Cramer’s face stayed impassive. He spun round in his chair and took a laptop computer from atop a large mahogany credenza. Then he placed it on his desk and started typing. His hands engulfed the keyboard, but his big thick fingers moved with virtuosic speed and accuracy: it’s easy to tell when someone has to backspace to make a correction, and I never saw him do it. When he was done, he studied the screen for several long seconds. I guessed that he was checking up on my answers.
Let him, I thought.
Across the desk, Cramer lifted his eyes to mine. They showed nothing. I’d have hated to play poker with him.
“Tell me about your favorite Connie Francis song,” he said.
“That’s easy. ‘Everybody’s Somebody’s Fool.’ She hit number one with it in 1960. It was originally written as a blues ballad, strangely enough, but she converted it into a sort of polka number—she was actually aiming the song at what was then the West German market—and—”

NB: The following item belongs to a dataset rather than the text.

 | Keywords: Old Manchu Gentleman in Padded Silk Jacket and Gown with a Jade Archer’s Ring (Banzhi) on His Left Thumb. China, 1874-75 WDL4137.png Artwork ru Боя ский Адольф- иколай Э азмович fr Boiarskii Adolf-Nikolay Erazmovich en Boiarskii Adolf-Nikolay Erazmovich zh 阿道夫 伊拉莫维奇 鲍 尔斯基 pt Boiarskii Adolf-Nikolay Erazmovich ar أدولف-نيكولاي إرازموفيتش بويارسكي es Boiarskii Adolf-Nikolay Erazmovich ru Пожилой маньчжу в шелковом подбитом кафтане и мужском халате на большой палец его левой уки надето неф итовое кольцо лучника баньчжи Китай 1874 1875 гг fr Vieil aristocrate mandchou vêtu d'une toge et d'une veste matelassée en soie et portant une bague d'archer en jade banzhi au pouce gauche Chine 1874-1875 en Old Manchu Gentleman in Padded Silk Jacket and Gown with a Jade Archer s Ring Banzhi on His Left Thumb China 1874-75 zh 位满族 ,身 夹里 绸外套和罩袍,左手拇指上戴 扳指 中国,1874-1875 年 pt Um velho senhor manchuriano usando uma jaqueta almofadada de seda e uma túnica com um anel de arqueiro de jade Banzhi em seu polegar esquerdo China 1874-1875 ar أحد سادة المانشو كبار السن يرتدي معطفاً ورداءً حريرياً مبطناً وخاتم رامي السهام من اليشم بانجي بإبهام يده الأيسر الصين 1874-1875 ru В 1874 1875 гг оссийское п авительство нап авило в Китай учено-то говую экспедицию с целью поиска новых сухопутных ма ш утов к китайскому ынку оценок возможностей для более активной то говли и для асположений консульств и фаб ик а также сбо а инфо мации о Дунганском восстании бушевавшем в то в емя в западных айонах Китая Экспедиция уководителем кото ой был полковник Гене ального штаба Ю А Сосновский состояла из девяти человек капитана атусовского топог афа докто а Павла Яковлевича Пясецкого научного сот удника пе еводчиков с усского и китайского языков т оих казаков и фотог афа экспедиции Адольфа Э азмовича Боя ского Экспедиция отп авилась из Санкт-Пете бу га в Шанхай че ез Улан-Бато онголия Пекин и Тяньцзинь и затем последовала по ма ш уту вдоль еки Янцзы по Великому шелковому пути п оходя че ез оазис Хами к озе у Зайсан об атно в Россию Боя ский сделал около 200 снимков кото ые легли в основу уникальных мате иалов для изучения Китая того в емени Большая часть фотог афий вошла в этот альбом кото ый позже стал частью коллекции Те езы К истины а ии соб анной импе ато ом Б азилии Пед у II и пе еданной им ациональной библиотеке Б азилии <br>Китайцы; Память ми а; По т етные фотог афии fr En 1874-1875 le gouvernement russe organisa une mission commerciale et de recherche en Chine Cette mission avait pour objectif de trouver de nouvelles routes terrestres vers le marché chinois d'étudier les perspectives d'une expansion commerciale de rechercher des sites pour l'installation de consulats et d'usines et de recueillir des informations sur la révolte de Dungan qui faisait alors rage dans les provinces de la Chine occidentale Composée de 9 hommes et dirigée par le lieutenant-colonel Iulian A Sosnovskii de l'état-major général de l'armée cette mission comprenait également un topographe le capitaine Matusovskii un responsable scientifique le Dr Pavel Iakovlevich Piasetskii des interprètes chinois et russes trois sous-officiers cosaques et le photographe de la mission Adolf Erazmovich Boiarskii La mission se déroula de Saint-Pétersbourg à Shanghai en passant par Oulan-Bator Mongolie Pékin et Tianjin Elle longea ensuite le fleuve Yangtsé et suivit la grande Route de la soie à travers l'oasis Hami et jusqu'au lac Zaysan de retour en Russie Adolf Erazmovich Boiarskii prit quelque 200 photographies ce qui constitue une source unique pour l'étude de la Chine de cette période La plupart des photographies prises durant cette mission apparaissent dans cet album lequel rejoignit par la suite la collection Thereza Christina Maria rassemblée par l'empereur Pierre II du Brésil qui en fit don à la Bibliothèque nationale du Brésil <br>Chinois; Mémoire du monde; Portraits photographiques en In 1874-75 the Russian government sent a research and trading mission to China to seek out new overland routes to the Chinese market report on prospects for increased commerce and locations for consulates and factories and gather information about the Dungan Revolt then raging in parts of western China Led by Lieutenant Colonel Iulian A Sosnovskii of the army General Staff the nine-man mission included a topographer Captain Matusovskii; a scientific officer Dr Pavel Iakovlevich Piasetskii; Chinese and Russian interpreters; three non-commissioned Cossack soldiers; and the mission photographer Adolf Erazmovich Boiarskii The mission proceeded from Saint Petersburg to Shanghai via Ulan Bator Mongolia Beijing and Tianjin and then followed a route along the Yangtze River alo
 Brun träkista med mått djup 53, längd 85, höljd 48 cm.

Cramer held up his hand and I stopped.
“How do you know so much about this?” he asked. The tone of his voice was as close to that of a normal human being as I’d ever heard it in the short time I’d known him.
You mean you don’t know? I thought, but didn’t say. I would be a magnanimous winner. All I wanted to do now was get out of here, eat an early lunch, and maybe spend a few hours at the park—Belmont Park. There was something in the fifth race that looked promising, and the track was right on my way home. (Either that, or I’d wake up from this crazy-assed dream and see whether there was anything in the apartment to eat for breakfast.)

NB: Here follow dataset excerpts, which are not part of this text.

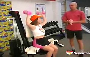 Cute teen brunette doing a hardcore workout
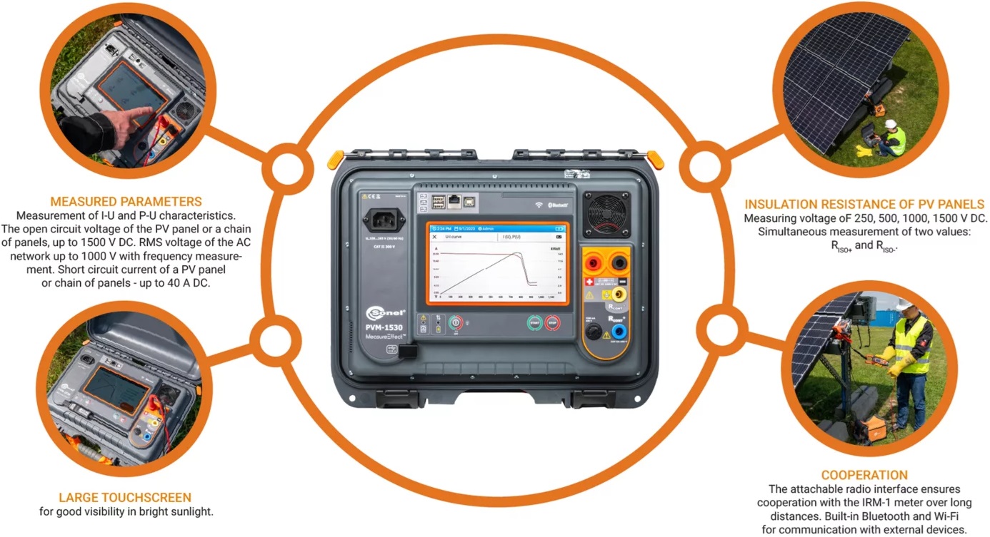 Profesionální tester fotovoltaických instalací Sonel PVM-1530 Max je určen pro komplexní diagnostiku a uvedení FV systémů do provozu až do 1500 V DC.
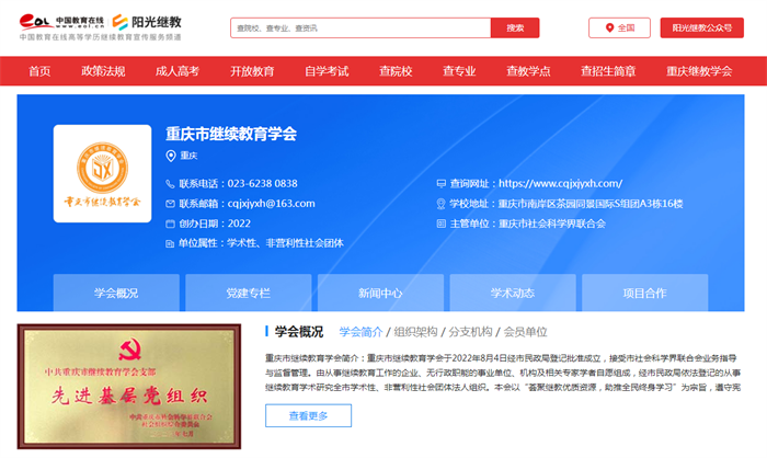 重慶市繼續教育學會則是由重慶市民政局登記批準成立,接受市社會科學界聯合會業務指導與監督管理的省部 級一級學會,學會以“薈聚繼教優質資源,助推全民終身學習”為宗旨,以創新發展為動力,以高效服務為驅動,薈聚整合繼續教育優質資源,做交互式鏈接平臺,促進全民終身學習,提升人才素質,助力行業發展。
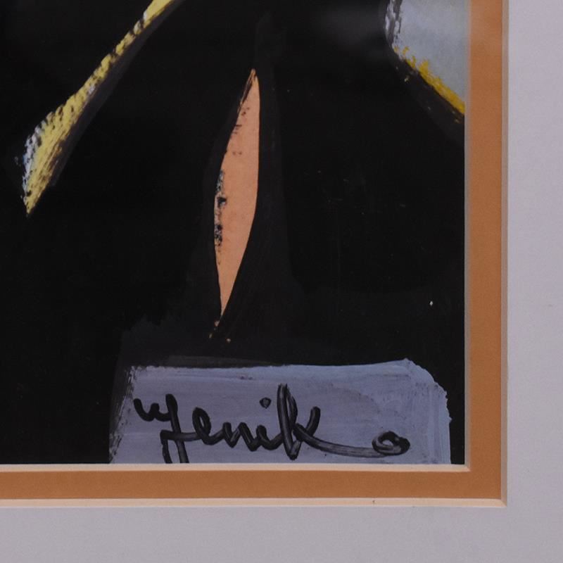 This is an original acrylic painting on paper by Jenik Cook, hand signed by the artist. This piece comes framed. Includes Letter of Authenticity. This piece comes from the artist's personal collection. Measures approx. 32 x 25" (frame), 23.5" x 16.5" (image). ** Please note: There is noticeable wear on the corners and edges of the frame. **
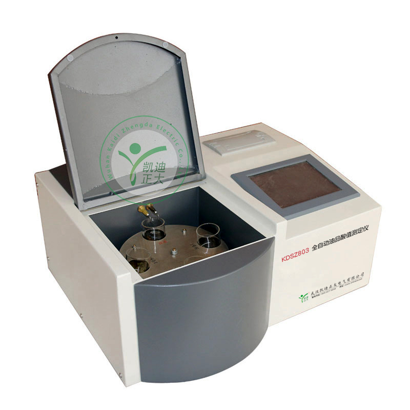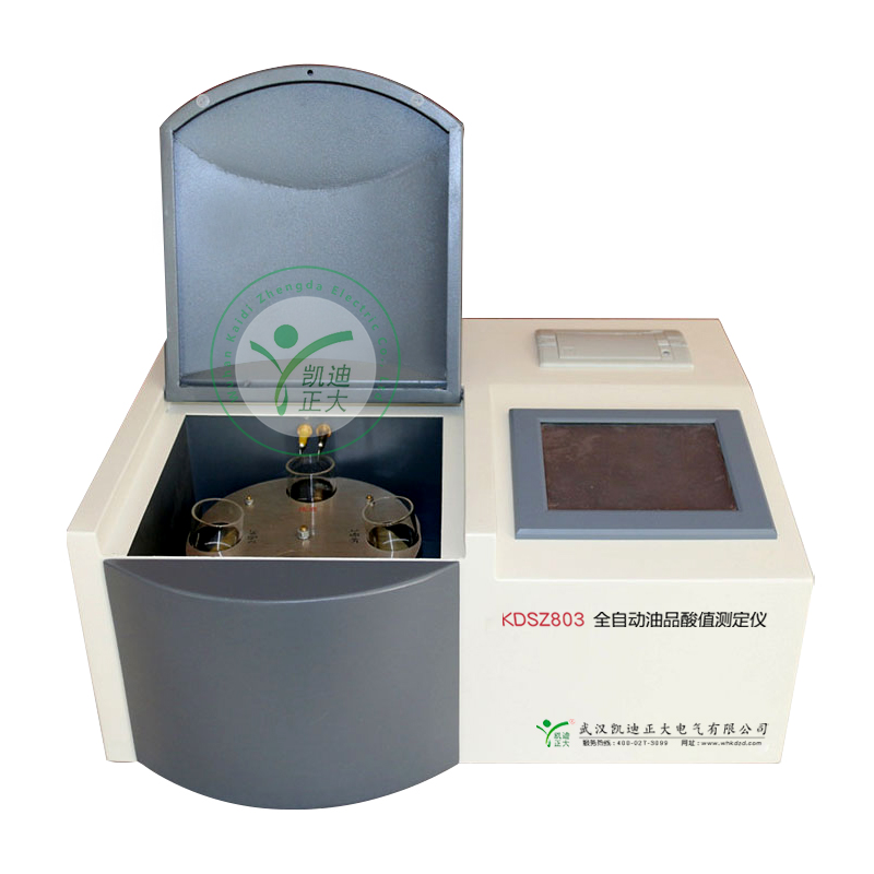KDSZ-803D全自動油品酸值測定儀采用中和法原理,于常溫狀態(tài)下,微機控制自動完成加液、攪拌、滴定及終點判斷。采用觸摸式液晶屏選擇所有工作參數(shù),人機對話界面簡潔友好,操作方便,油樣平均分析周期為2分鐘左右。可分別顯示多至35組的測定結(jié)果,并可打印輸出多項與測定相關(guān)的參數(shù)。

“I had a department head in the Navy who knew all there was to know about the music of that era,” I said, “and he never got tired of illustrating the fact. More out of self-defense than anything else, I read up a little on the subject. Before I knew it, I was hooked.”
Cramer nodded. “Indeed,” he said.
“I’m something of a trivia addict anyway,” I continued, quasi-apologetically. “Old movies and TV, too. Even radio. My mother believed in reincarnation; she always used to tell me that’s how I knew all that stuff.”